Is _blank (HTML) basically an un-necessary popup? - msacks

&#60;p&#62;I've been writing a lot of blog articles lately and I usually add _blank for referenced links in my articles as to not lose my readers to another site, but then I thought, thats kind of unnecessary and here's why:&#60;p&#62;Whenever I am browsing an article and I open a new link, I always CMD click as to open the new link in a new browser tab anyway, so it's kind of redundant to put in _blank. Am I really retaining readers by adding _blank? Would appreciate your thoughts.
======
makecheck
Whenever a web site has chosen a link target on my behalf, it has been wrong;
and what's more, "wrong" for me varies by device (e.g. on a desktop computer I
don't use tabs and often want full control over spawning windows; whereas on
an iPad with a tabbed browser I _usually_ want tabs created automatically, but
not always!).

I think the rule of "least surprise" applies; the least surprising thing for a
link to do is to not specify a target at all, leaving the behavior up to the
browser (where the browser in turn bows to user preferences and user overrides
such as contextual menus). For example, on my iPad I _already_ configure my
browser so that different-domain links open in new tabs but same-domain links
_do not_ , and I set preferences for a reason: because it's my preferred
behavior. These are things the web site couldn't possibly know about me, so
the web site basically risks annoying me if they try to override my
expectations.

If a web site _must_ feel the need to fiddle with "target" (which I personally
think they should not), I think the _bare minimum_ they should do is include
an icon or some hint next to non-standard links to indicate what will happen
when the links are used. This is another thing that browsers could
theoretically do by themselves, since they have all the information about link
targets at rendering time.

------
kingofspain
I think it would somewhat depend on your audience.
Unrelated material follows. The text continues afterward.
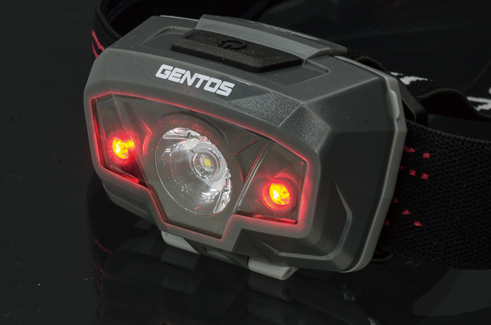 - 赤色サブLED:暗い場所で手元を照らすなど、メインLEDでは明るすぎる際に便利。
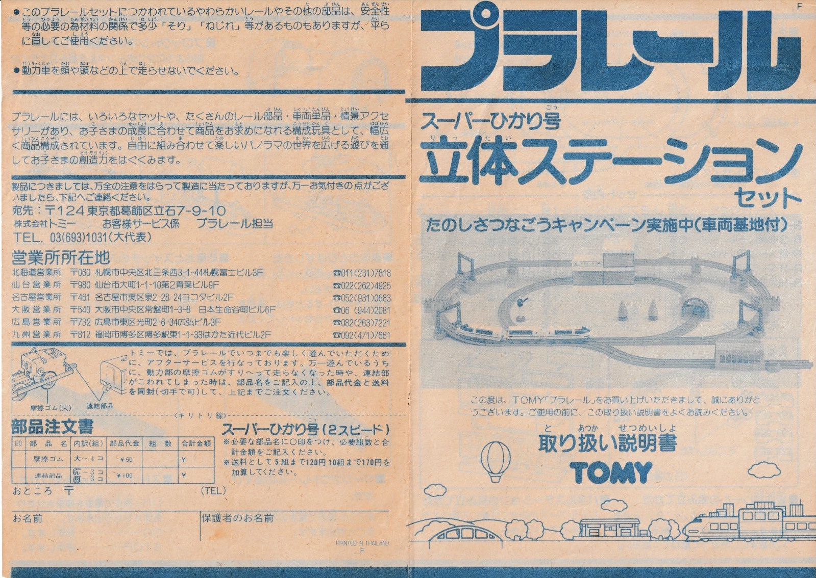 スーパーひかり号 立体ステーションセット 取り扱い説明書(1989年)

The tech crowd may find it
annoying but I know people who get immensely annoyed at having been taken away
from the site they are reading after clicking a link. That's possibly all
wrong but that's the way it is sometimes.

Personally I've been conditioned over the years to _expect_ _blank on blogs so
I don't think leaving it in will cause any great tremors in the force. TBH,
taking it out probably won't make any real difference anyway. So, er, my point
is

------
adyus
Depending on who your target demographic is, you could make certain
assumptions. Without reading your blog (but judging by the CMD in your post),
I assume you use a Mac and write about tech. You could then assume that your
readers know how to open links in a new tab, thus you might decide to remove
the _blank. If your blog is geared toward readers with less experience, you
might want to leave it in.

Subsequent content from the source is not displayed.